___ Data excerpts

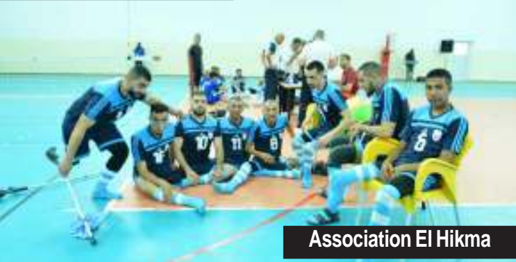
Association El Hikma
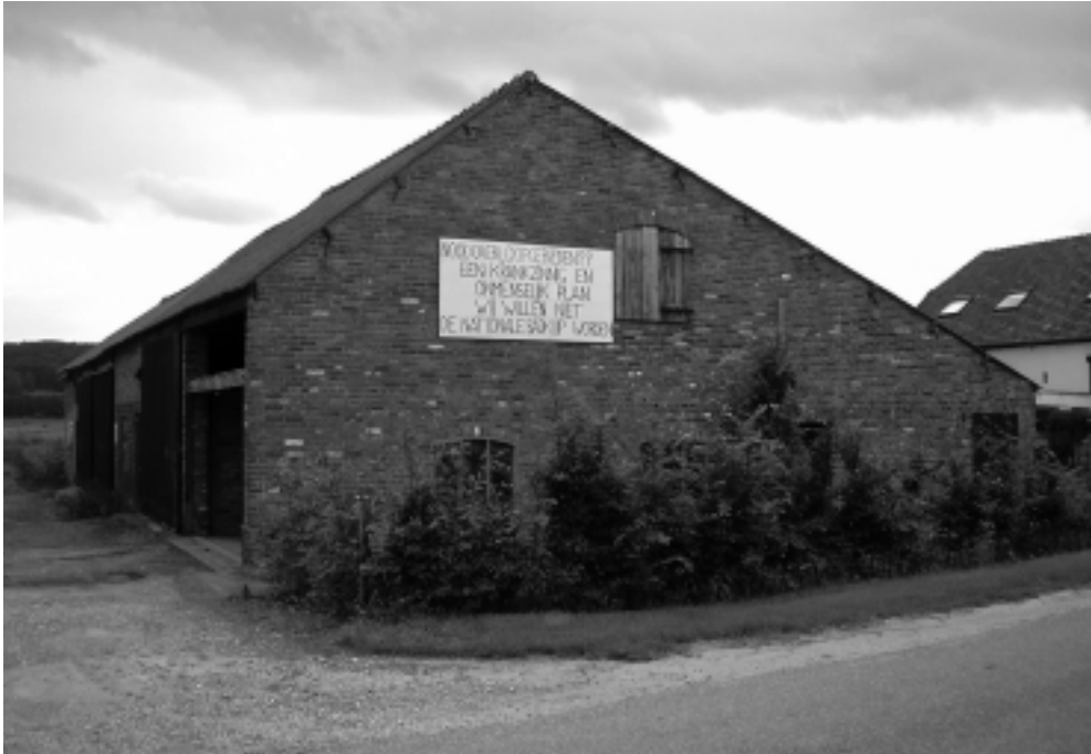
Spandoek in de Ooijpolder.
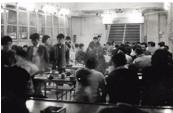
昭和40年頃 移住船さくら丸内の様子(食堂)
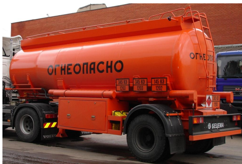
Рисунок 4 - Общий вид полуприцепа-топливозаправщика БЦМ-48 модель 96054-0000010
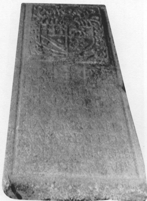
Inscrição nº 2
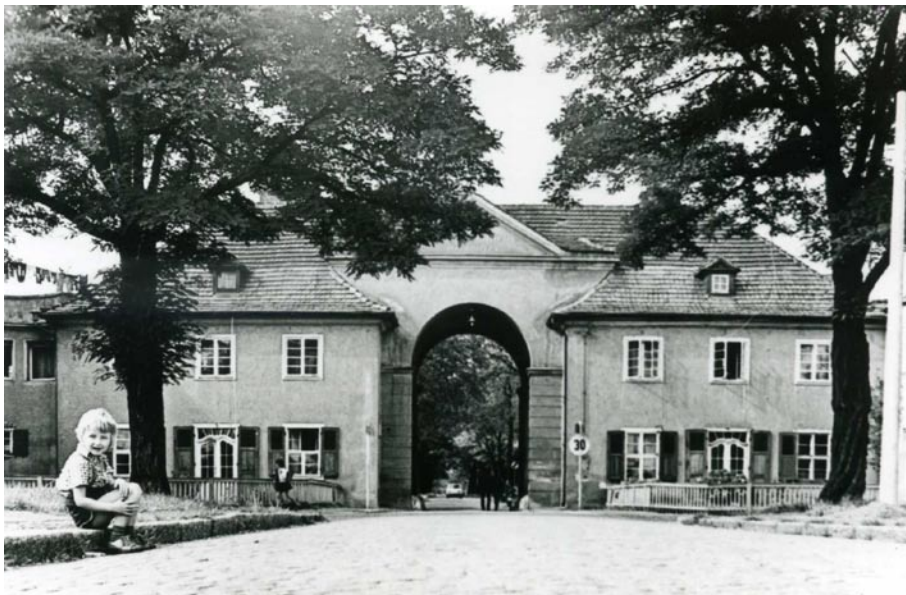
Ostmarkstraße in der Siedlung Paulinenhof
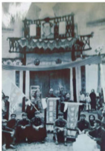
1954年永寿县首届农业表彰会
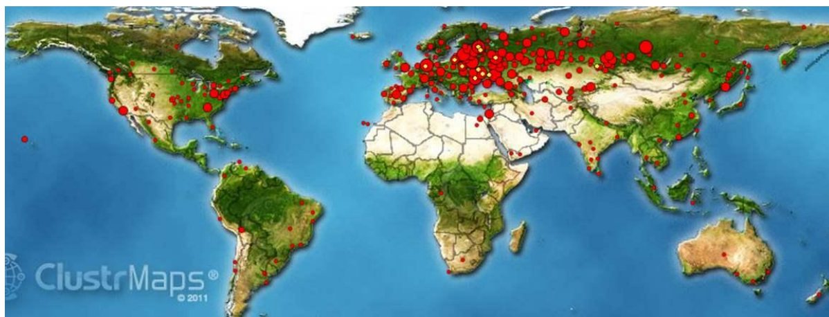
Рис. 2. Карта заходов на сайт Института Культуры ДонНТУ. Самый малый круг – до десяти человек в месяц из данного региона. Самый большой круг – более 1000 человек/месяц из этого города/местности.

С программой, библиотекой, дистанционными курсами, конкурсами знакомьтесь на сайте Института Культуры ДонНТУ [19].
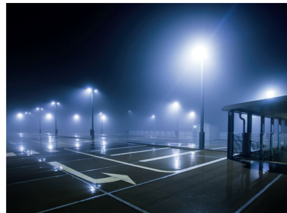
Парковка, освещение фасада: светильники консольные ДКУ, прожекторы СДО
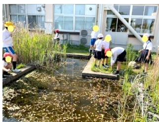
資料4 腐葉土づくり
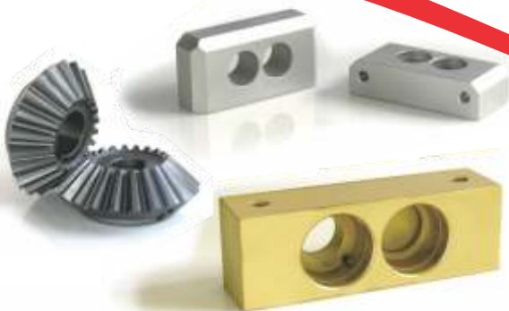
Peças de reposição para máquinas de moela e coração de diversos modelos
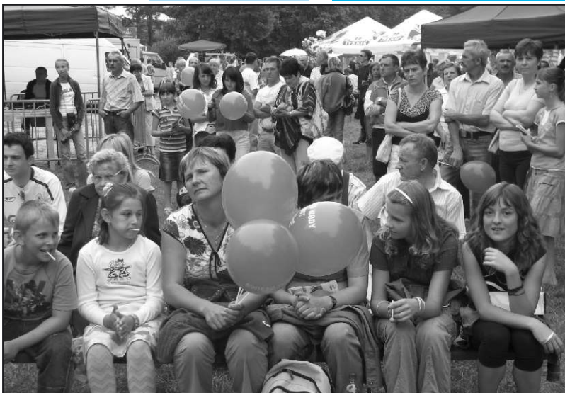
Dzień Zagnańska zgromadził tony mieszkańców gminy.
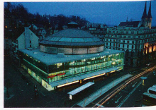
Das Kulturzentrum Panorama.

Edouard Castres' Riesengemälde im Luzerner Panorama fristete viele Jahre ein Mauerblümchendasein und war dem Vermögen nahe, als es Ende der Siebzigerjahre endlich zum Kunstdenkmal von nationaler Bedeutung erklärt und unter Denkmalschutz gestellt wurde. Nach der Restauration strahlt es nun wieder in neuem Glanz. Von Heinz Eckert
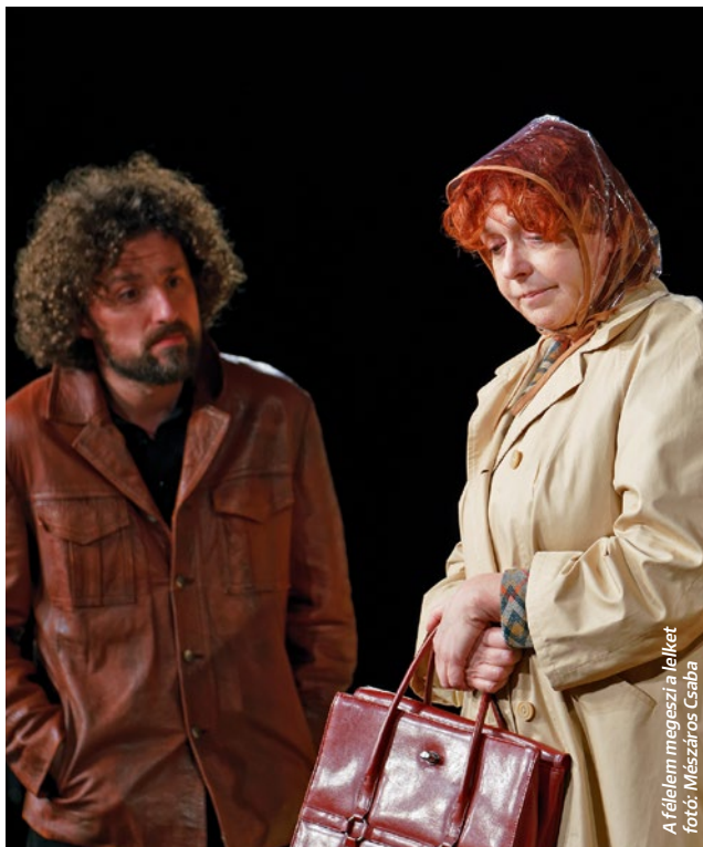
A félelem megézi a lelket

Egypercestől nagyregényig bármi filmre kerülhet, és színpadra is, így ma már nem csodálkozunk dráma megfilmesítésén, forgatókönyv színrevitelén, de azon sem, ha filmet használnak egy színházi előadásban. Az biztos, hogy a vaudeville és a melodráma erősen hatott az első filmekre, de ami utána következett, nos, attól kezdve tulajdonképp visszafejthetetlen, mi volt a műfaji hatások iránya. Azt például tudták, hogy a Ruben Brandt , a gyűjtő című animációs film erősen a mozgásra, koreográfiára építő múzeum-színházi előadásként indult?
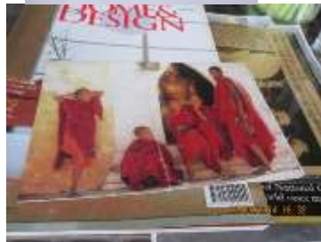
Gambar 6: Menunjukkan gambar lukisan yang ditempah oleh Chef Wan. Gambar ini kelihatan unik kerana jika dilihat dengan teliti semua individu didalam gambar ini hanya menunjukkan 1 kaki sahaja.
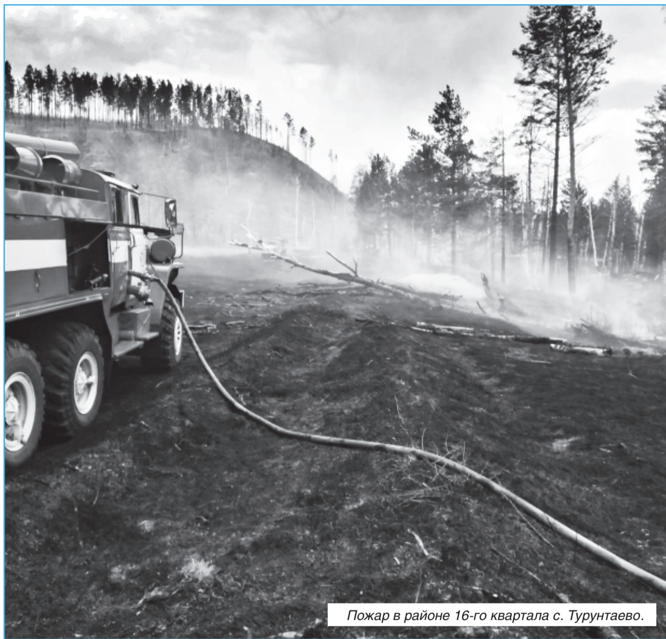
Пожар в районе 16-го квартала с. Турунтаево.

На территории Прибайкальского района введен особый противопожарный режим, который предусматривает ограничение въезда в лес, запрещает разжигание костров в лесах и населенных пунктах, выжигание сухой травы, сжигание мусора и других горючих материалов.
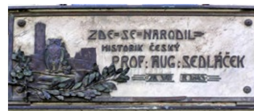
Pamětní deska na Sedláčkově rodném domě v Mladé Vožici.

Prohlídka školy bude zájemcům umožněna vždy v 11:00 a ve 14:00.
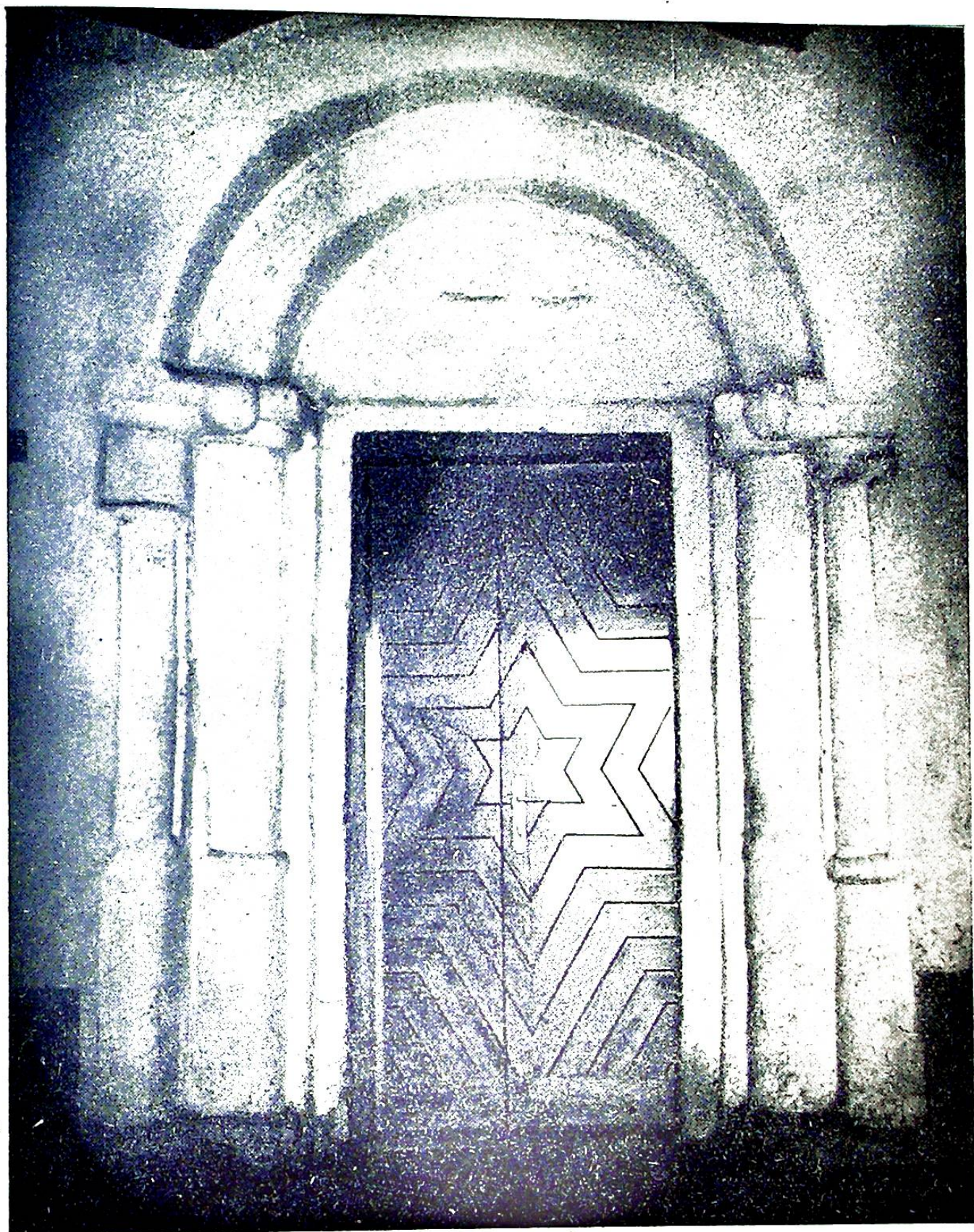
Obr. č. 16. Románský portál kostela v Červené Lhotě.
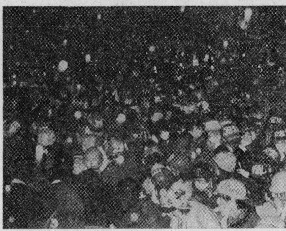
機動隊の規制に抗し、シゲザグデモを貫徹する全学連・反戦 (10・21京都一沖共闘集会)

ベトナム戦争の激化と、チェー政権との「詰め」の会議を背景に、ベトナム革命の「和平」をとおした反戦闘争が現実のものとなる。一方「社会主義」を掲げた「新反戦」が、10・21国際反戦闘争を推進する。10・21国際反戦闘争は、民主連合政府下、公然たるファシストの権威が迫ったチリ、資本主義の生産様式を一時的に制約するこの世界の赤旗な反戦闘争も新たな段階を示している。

______

## Exercise goal
In the copy, include every line of the entries above exactly and none of the pictures.

## The completed task
Association El Hikma
Spandoek in de Ooijpolder.
昭和40年頃 移住船さくら丸内の様子(食堂)
Рисунок 4 - Общий вид полуприцепа-топливозаправщика БЦМ-48 модель 96054-0000010
Inscrição nº 2
Ostmarkstraße in der Siedlung Paulinenhof
1954年永寿县首届农业表彰会
Рис. 2. Карта заходов на сайт Института Культуры ДонНТУ. Самый малый круг – до десяти человек в месяц из данного региона. Самый большой круг – более 1000 человек/месяц из этого города/местности.

С программой, библиотекой, дистанционными курсами, конкурсами знакомьтесь на сайте Института Культуры ДонНТУ [19].
Парковка, освещение фасада: светильники консольные ДКУ, прожекторы СДО
資料4 腐葉土づくり
Peças de reposição para máquinas de moela e coração de diversos modelos
Dzień Zagnańska zgromadził tony mieszkańców gminy.
Das Kulturzentrum Panorama.

Edouard Castres' Riesengemälde im Luzerner Panorama fristete viele Jahre ein Mauerblümchendasein und war dem Vermögen nahe, als es Ende der Siebzigerjahre endlich zum Kunstdenkmal von nationaler Bedeutung erklärt und unter Denkmalschutz gestellt wurde. Nach der Restauration strahlt es nun wieder in neuem Glanz. Von Heinz Eckert
A félelem megézi a lelket

Egypercestől nagyregényig bármi filmre kerülhet, és színpadra is, így ma már nem csodálkozunk dráma megfilmesítésén, forgatókönyv színrevitelén, de azon sem, ha filmet használnak egy színházi előadásban. Az biztos, hogy a vaudeville és a melodráma erősen hatott az első filmekre, de ami utána következett, nos, attól kezdve tulajdonképp visszafejthetetlen, mi volt a műfaji hatások iránya. Azt például tudták, hogy a Ruben Brandt , a gyűjtő című animációs film erősen a mozgásra, koreográfiára építő múzeum-színházi előadásként indult?
Gambar 6: Menunjukkan gambar lukisan yang ditempah oleh Chef Wan. Gambar ini kelihatan unik kerana jika dilihat dengan teliti semua individu didalam gambar ini hanya menunjukkan 1 kaki sahaja.
Пожар в районе 16-го квартала с. Турунтаево.

На территории Прибайкальского района введен особый противопожарный режим, который предусматривает ограничение въезда в лес, запрещает разжигание костров в лесах и населенных пунктах, выжигание сухой травы, сжигание мусора и других горючих материалов.
Pamětní deska na Sedláčkově rodném domě v Mladé Vožici.

Prohlídka školy bude zájemcům umožněna vždy v 11:00 a ve 14:00.
Obr. č. 16. Románský portál kostela v Červené Lhotě.
機動隊の規制に抗し、シゲザグデモを貫徹する全学連・反戦 (10・21京都一沖共闘集会)

ベトナム戦争の激化と、チェー政権との「詰め」の会議を背景に、ベトナム革命の「和平」をとおした反戦闘争が現実のものとなる。一方「社会主義」を掲げた「新反戦」が、10・21国際反戦闘争を推進する。10・21国際反戦闘争は、民主連合政府下、公然たるファシストの権威が迫ったチリ、資本主義の生産様式を一時的に制約するこの世界の赤旗な反戦闘争も新たな段階を示している。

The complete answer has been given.